▶ **Source data**:
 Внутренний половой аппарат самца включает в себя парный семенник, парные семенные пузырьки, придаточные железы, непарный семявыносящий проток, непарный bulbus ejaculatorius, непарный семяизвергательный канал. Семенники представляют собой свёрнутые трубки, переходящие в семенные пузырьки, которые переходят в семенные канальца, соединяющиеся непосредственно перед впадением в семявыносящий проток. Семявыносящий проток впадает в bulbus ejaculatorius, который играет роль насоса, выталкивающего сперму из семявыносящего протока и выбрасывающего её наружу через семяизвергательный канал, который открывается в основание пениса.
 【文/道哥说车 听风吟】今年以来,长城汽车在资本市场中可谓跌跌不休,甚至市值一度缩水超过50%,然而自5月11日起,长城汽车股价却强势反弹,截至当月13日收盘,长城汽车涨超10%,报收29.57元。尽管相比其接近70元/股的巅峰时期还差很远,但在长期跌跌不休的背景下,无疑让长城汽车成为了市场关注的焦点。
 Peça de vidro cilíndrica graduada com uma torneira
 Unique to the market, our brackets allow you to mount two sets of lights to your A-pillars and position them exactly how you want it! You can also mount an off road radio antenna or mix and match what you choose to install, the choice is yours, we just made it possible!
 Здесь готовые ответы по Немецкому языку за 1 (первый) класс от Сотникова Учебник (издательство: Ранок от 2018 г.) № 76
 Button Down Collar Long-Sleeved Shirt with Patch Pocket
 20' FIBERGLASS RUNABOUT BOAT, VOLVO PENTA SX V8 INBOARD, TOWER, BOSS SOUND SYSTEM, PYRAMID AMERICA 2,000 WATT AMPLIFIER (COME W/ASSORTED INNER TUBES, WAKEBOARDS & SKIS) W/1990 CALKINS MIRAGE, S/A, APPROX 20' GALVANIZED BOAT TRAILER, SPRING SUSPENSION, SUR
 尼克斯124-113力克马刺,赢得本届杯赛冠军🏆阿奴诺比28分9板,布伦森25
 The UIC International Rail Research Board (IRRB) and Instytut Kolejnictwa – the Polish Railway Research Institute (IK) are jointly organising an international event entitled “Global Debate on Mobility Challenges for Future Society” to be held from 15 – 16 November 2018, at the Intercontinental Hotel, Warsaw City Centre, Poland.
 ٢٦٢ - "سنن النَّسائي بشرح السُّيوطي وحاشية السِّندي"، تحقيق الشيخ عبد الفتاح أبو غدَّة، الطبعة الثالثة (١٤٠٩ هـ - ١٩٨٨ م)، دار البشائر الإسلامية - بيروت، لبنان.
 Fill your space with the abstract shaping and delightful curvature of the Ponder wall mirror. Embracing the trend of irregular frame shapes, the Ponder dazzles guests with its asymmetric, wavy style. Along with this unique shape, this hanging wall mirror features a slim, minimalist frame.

▶ **What the task requires**:
Lines wanted from the listing above: the line with "Peça de vidro" up to and including the line with "Button Down Collar". Please write them out exactly, adding nothing else.

▶ **Written response**:
 Peça de vidro cilíndrica graduada com uma torneira
 Unique to the market, our brackets allow you to mount two sets of lights to your A-pillars and position them exactly how you want it! You can also mount an off road radio antenna or mix and match what you choose to install, the choice is yours, we just made it possible!
 Здесь готовые ответы по Немецкому языку за 1 (первый) класс от Сотникова Учебник (издательство: Ранок от 2018 г.) № 76
 Button Down Collar Long-Sleeved Shirt with Patch Pocket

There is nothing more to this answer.